Here is one of the main airports of the peninsula, plenty of options in terms of accommodation, food and shopping in general.
The sand is golden and the water is crystalline, and although often the currents are too strong for either snorkeling or swimming, there are a couple of beautiful coves along the coastline such as Playa Chileno and Playa Santa Maria mostly protected from the winds.
Other than that, the coast from
San José del Cabo to
Cabo San Lucas, offers various spots for windsurfing or just to lay down sunbathing. Sadly, we have to admit that we found quite disappointing seeing how the unscrupulous resorts development has taken all the space, so that you will find yourself driving along a long line of huge (mainly non architecturally attractive) buildings destroying the panorama and covering almost all the view on the sea.
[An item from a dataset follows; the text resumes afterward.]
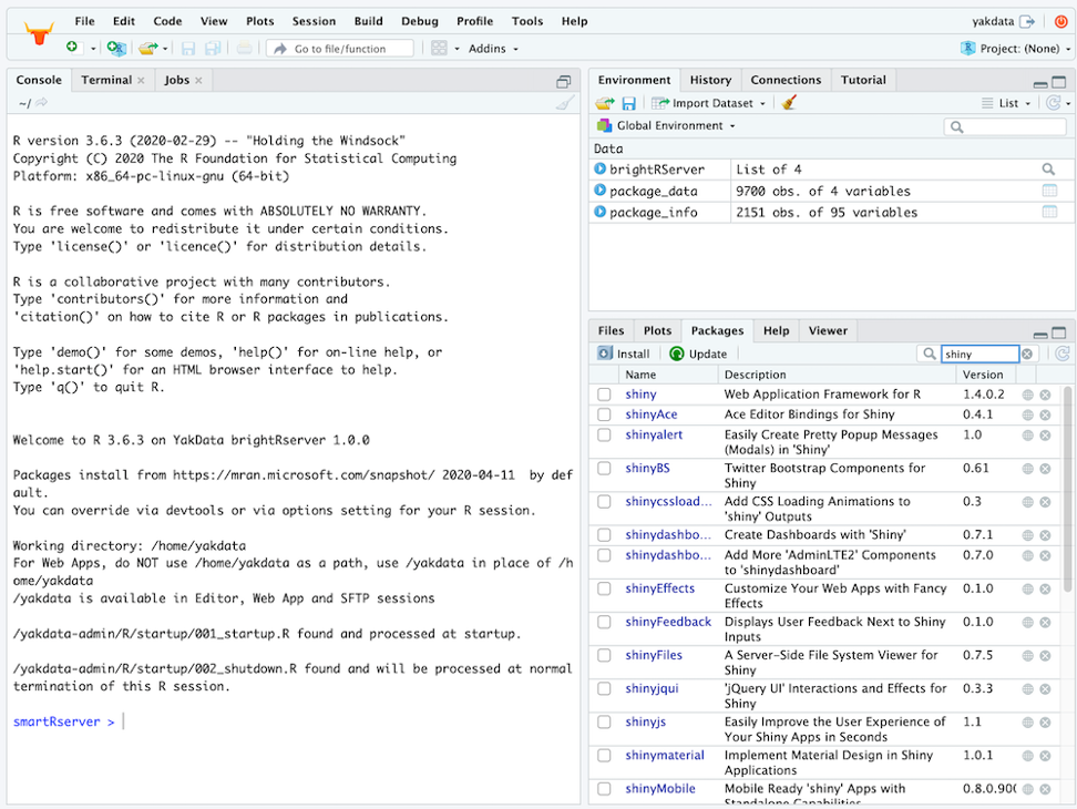 Building, maintaining, and improving interactive R shiny apps has never been easier. YakData’s ConnectR seamlessly combines the best-in-class R editor and R web app server with Secure FTP publishing and synchronization.

Nonetheless most snorkeling passionates (as we are) come here to visit the
National Park of Cabo Pulmo. If this is also your plan, you must consider at least a 2 nights stay in San José as the trip there will take approximately 4 hours return on a normal car. This is because the road is only partially paved and although a 4x4 is not compulsory, certain parts are quite difficult to follow with a standard rental car. Also, once there, currents can be quite strong, so it is advised to check the water conditions (ask your accommodation to call any operator there) before starting the trip.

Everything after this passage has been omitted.